Paciello Giulia, Ficarra Elisa
Department of Control and Computer Engineering DAUIN, Politecnico di Torino, C.so Duca degli Abruzzi 24, Turin, 10129, Italy.
BMC Bioinformatics. 2017 Jan 23;18(1):58. doi: 10.1186/s12859-016-1450-6.
Latest Next Generation Sequencing technologies opened the way to a novel era of genomic studies, allowing to gain novel insights into multifactorial pathologies as cancer. In particular gene fusion detection and comprehension have been deeply enhanced by these methods. However, state of the art algorithms for gene fusion identification are still challenging. Indeed, they identify huge amounts of poorly overlapping candidates and all the reported fusions should be considered for in lab validation clearly overwhelming wet lab capabilities.
In this work we propose a novel methodological approach and tool named FuGePrior for the prioritization of gene fusions from paired-end RNA-Seq data. The proposed pipeline combines state of the art tools for chimeric transcript discovery and prioritization, a series of filtering and processing steps designed by considering modern literature on gene fusions and an analysis on functional reliability of gene fusion structure.

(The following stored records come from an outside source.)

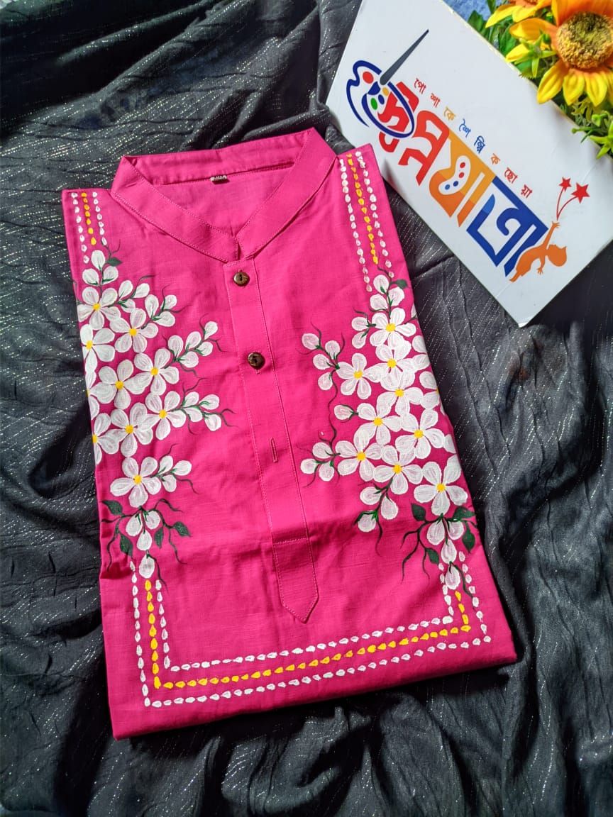 এই হ্যান্ড পেইন্টেড পাঞ্জাবিটি তৈরি করা হয়েছে প্রাণবন্ত গোলাপি রঙের প্রিমিয়াম কাপড়ে। সামনের অংশজুড়ে সাদা ফুলের শৈল্পিক নকশা এবং হলুদ ডট ডিটেইলস পাঞ্জাবিটিকে দিয়েছে একদম ফ্রেশ ও এলিগ্যান্ট লুক।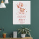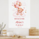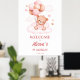 Urso de pelúcia rosa com balões sobre nuvens com estrelas festa de aniversário símbolo personalizado de boas-vindas.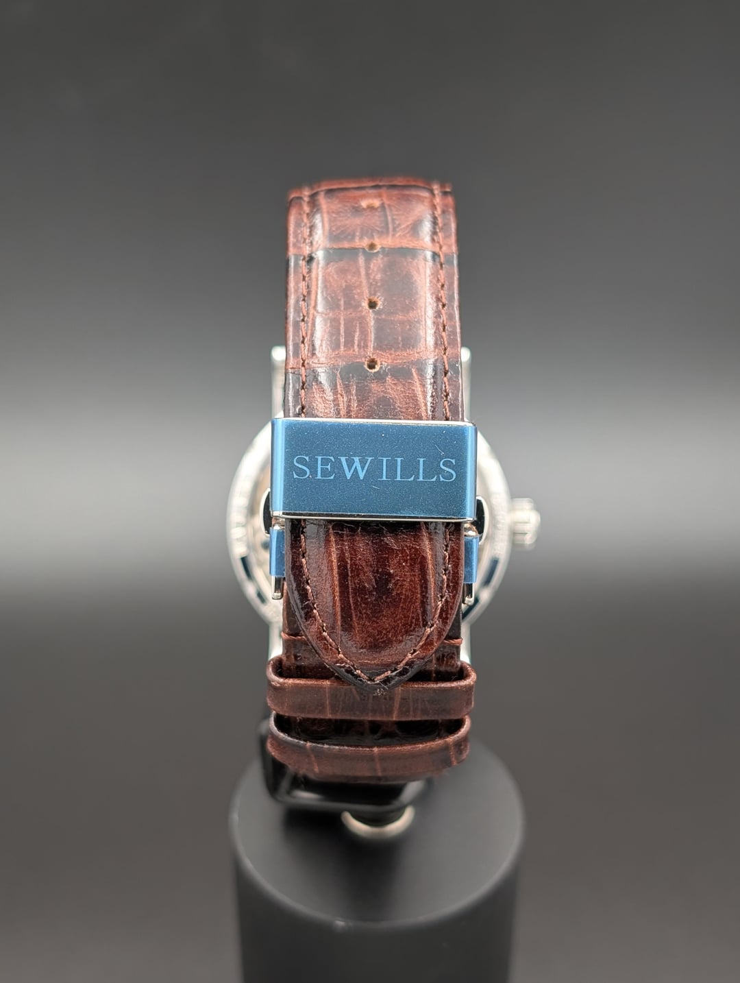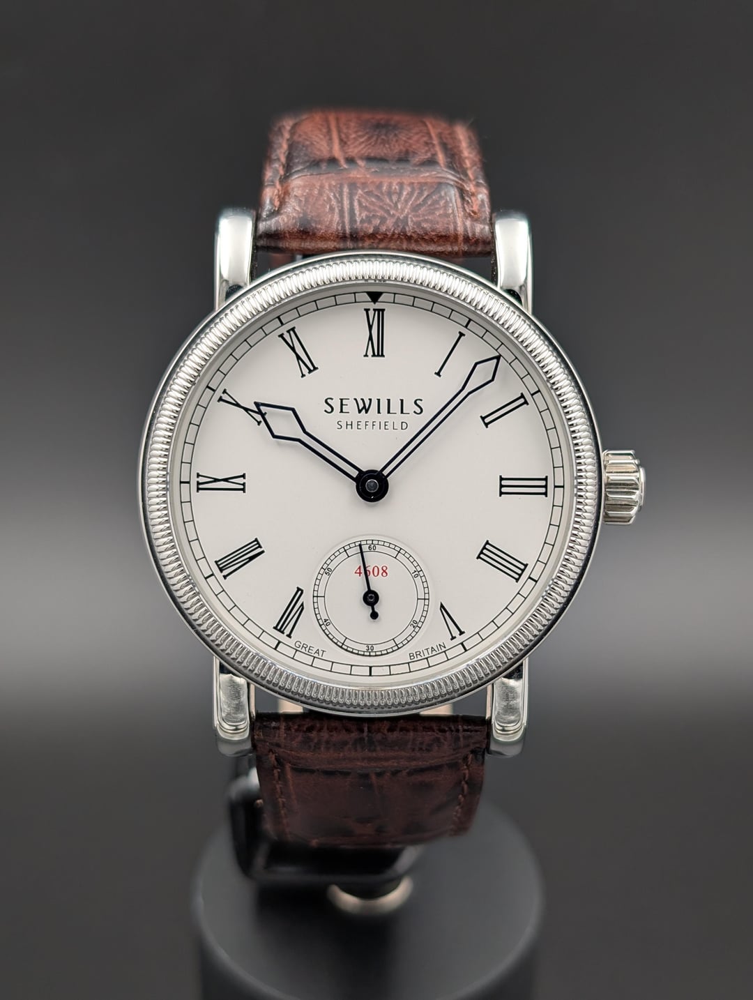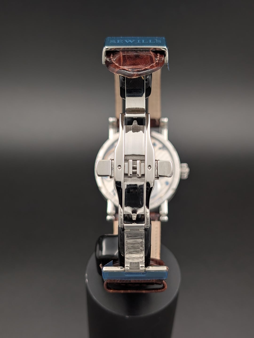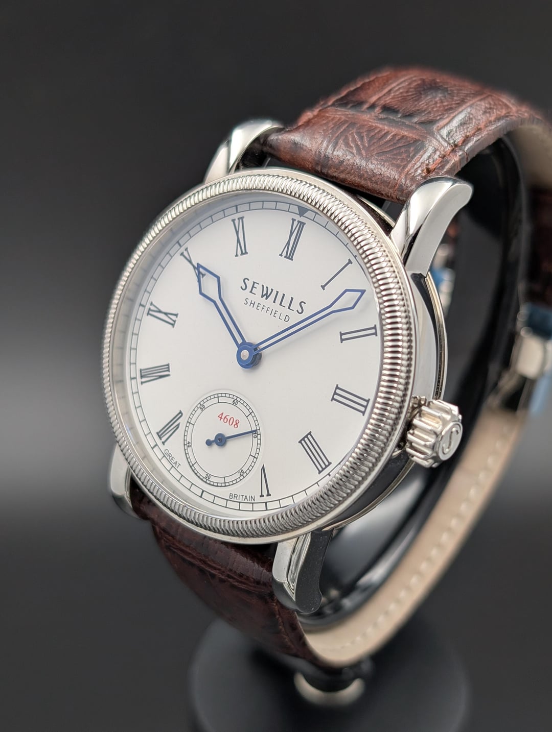 This watch, with a distinctive marine chronometer style, was designed as a tribute to marine chronometer serial no. 4608 (Joseph Sewill, English) that was used on the famous English tea clipper ship 'Cutty Sark'. Limited to 100 numbered pieces. Original retail was approx. $1,400. The watch is in like-new, unworn condition. The watch winds, sets, and runs. No box or papers. Model: Sewills Ferreira Limited Edition Manual Wind ref. PRS-39 Note: Limited to 100 numbered pieces Movement: Swiss-made Unitas 6498 hand-winding movement extensively modified with screwed Glucydur balance with Nivarox hairspring, swan-neck regulator, 3/4 top plate with Geneva stripes, anglage and blued screws Dial: white, custom blued hands Case: 42mm Thickness: 10.75 mm Strap: Alligator calf grain with Sewills double deployment clasp **Watch offered at $899 OBO shipped. USA shipping only. No trades.**

FuGePrior performance has been assessed on two publicly available paired-end RNA-Seq datasets: The first by Edgren and colleagues includes four breast cancer cell lines and a normal breast sample, whereas the second by Ren and colleagues comprises fourteen primary prostate cancer samples and their paired normal counterparts. FuGePrior results accounted for a reduction in the number of fusions output of chimeric transcript discovery tools that ranges from 65 to 75% depending on the considered breast cancer cell line and from 37 to 65% according to the prostate cancer sample under examination. Furthermore, since both datasets come with a partial validation we were able to assess the performance of FuGePrior in correctly prioritizing real gene fusions. Specifically, 25 out of 26 validated fusions in breast cancer dataset have been correctly labelled as reliable and biologically significant. Similarly, 2 out of 5 validated fusions in prostate dataset have been recognized as priority by FuGePrior tool.
最新的下一代测序技术开启了基因组研究的新时代,使人们能够对癌症等多因素疾病有新的认识。特别是这些方法极大地增强了基因融合检测和理解。然而,用于基因融合识别的现有算法仍然具有挑战性。事实上,它们识别出大量重叠性很差的候选基因,并且所有报告的融合都应在实验室验证中予以考虑,这显然超出了湿实验室的能力。
在这项工作中,我们提出了一种名为FuGePrior的新方法和工具,用于从双末端RNA测序数据中对基因融合进行优先级排序。所提出的流程结合了用于嵌合转录本发现和优先级排序的现有工具、一系列通过考虑关于基因融合的现代文献设计的过滤和处理步骤以及对基因融合结构功能可靠性的分析。
FuGePrior的性能已在两个公开可用的双末端RNA测序数据集上进行了评估:第一个由埃德格伦及其同事提供,包括四个乳腺癌细胞系和一个正常乳腺样本,而第二个由任及其同事提供,包括14个原发性前列腺癌样本及其配对的正常样本。FuGePrior的结果表明,嵌合转录本发现工具输出的融合数量有所减少,根据所考虑的乳腺癌细胞系,减少范围为65%至75%,根据所检测的前列腺癌样本,减少范围为37%至65%。此外,由于这两个数据集都有部分验证,我们能够评估FuGePrior在正确对真实基因融合进行优先级排序方面的性能。具体而言,乳腺癌数据集中26个经过验证的融合中有25个被正确标记为可靠且具有生物学意义。同样,在前列腺数据集中5个经过验证的融合中有2个被FuGePrior工具识别为优先级。